Ma al fatto che prima o poi la verità verrà fuori ci crede?
«Io devo crederci. Soltanto con la verità Antonio avrà pace. Soltanto con la verità potremo avere giustizia, io e i miei figli. Gaetano aveva 4 anni quando suo padre è morto, e Giovanni uno. Gaetano per giorni non ha pianto, non ha dormito, non ha mangiato. Finché un giorno mi ha detto: “Papà sta a Roma, l’ha detto a me l’altra sera. Papà è partito”. Per tutte le elementari, d’accordo con i compagni e i genitori, abbiamo dovuto far finta di credere a questa bugia. Quando lo psicologo che lo prese in cura gli chiese di disegnare la sua casa, lui rispose: “Io disegno quello che voglio io”, fece una macchina sottosopra e tre corpi schiantati, nel sangue. Questo vorrei raccontare agli uomini che macinavano il tritolo».

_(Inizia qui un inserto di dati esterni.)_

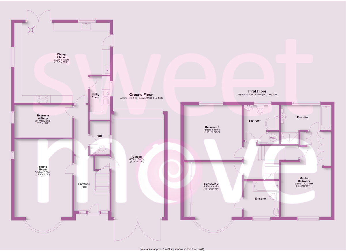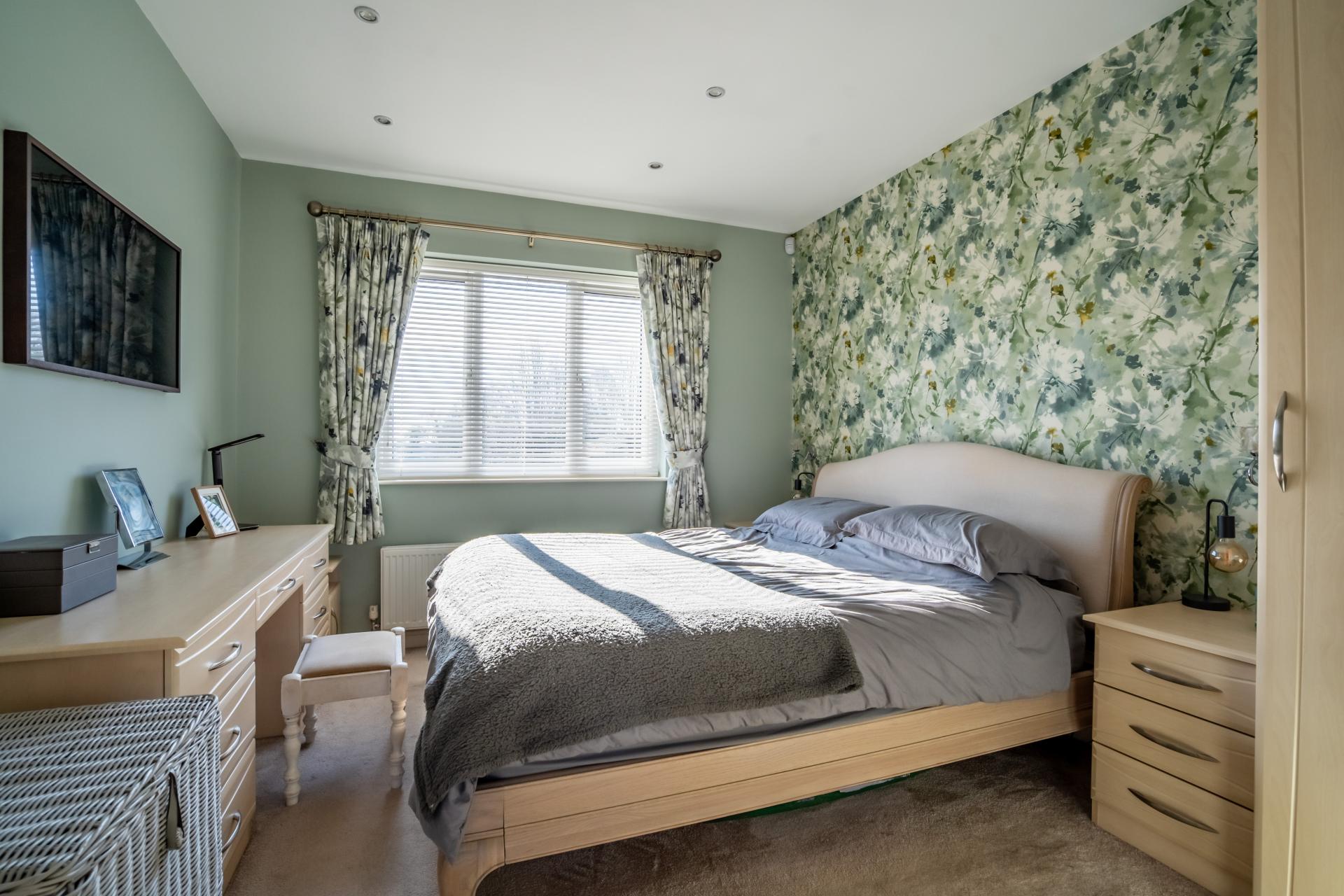 Upstairs, the elegant master suite boasts a dressing area with built-in wardrobes and a luxurious en-suite featuring both a bath and shower. The second bedroom also benefits from an en-suite and enjoys views to the front, while a stylish family bathroom serves the remaining bedroom.
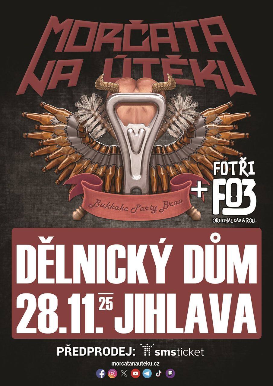 Do Dělňáku se opět vrací partička brněnských humoristů Morčata na útěku s další dávkou osobité show. Tentokrát k sobě přibrali kolegy z kapely Fo3 (Fotři) kloubící rock’n’roll s otcovstvím.

La vedova di Vito Schifani, Rosaria, ha più volte detto che per lei alcuni tasselli non combaciano, che quel giorno forse c’era qualcuno che già sapeva. Anche lei pensa che suo marito sia stato mandato a morire?
«No, mio marito fece cambio apposta con un collega per andare a prendere Falcone all’aeroporto. Era il suo mito. Non avrebbe voluto morire diversamente, Antonio. Gli sarà solo dispiaciuto di non essere riuscito a salvare il suo giudice, “uno che fa sul serio, uno che la mafia la vuole sconfiggere davvero”, diceva».
Adesso che cosa chiede allo Stato?
«Di non avere paura, come non ne aveva Antonio. Nell’unica intervista video che ha lasciato, spiega: “La paura è qualcosa che tutti abbiamo, io ho paura ma non sono un vigliacco. E la paura è lasciare soli i propri figli”. Lui i figli li ha salutati mentre giocavano dentro la nostra Cinquecento. Si affacciò dal tettuccio apribile, loro fecero come per nascondersi di fronte a un gigante, lui faceva ciao ciao e loro rispondevano ridendo. È il loro ultimo ricordo».
E il suo ultimo ricordo qual è?
«Ne ho tanti, belli e brutti, i ricordi di unavita accanto a un uomo che rischiava la vita per uno stipendio di milione e 600 mila lire al mese, 800 euro. Vorrei dire piuttosto qual è il mio auspicio. Vorrei che in questo Paese non fosse normale che le verità restino nascoste per vent’anni e oltre. A questo ormai siamo abituati, non ci scandalizziamo più. Vorrei che la normalità fosse la giustizia».